Normas violadas y concepto de violación. Constitución Política de Colombia. Ley 33 de 1985. Ley 100 de 1993. Acto Legislativo 01 de 2005. Ley 797 de 2003. Como concepto de violación, adujo que los actos demandados se encuentran viciados de nulidad porque una vez verificada la historia laboral de la demandada se estableció que se trasladó del Régimen de Prima Media con Prestación Definida - RPM al Régimen de Ahorro Individual con Solidaridad – RAIS y, por consiguiente, la pensión reconocida mediante Resolución GNR 57711 del 26 de febrero de 2015 contraría lo ordenado por el artículo 36 de la Ley 100 de 1993 y el Acto Legislativo 01 de 2005.

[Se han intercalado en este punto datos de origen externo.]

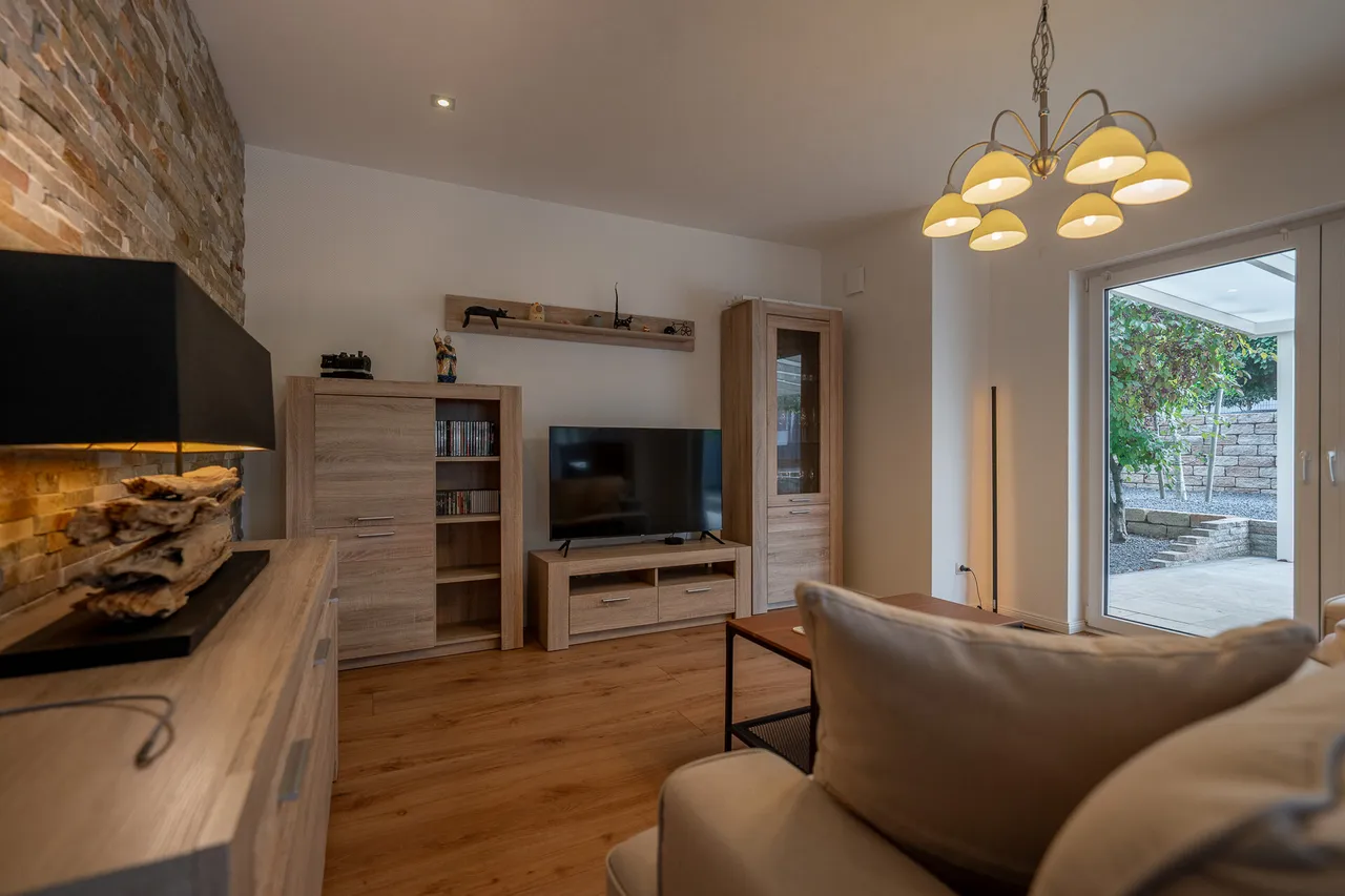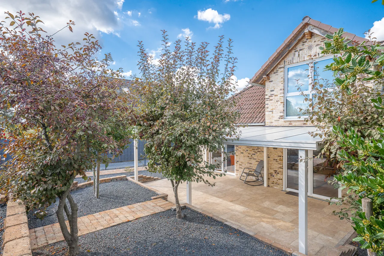 Draußen setzt sich die Harmonie fort: Die Garage, separate Stellplätze und der pflegeleicht angelegte Garten runden das Gesamtbild ab. Ein Rückzugsort, der zugleich Freiraum schenkt – für entspannte Stunden, gesellige Treffen oder einfach Momente des Glücks.

Sostuvo que los afiliados que se trasladan al RAIS y con posterioridad se devuelvan al RPM no conservan el régimen de transición dispuesto por el artículo 36 de la Ley 100 de 1993, salvo cuando a la entrada en vigencia del sistema general de pensiones acrediten 15 años o más de servicios o 750 semanas y, en este caso, al 1º de abril de 1994 la accionada no acreditaba ninguno de estos requisitos, por consiguiente, no puede conservar el régimen de transición. Concluyó que la demandada no tiene derecho al pago del retroactivo reconocido puesto que no existe fundamento constitucional ni legal para que la demandante, a través del Fondo Común del Régimen de Prima Media con Prestación Definida, asuman la carga de este pago, pues ello atenta directamente contra los principios de eficiencia, solidaridad y universalidad que sustentan el sistema general de pensiones, con lo que el perjuicio contra la estabilidad financiera del mismo es irremediable. 2.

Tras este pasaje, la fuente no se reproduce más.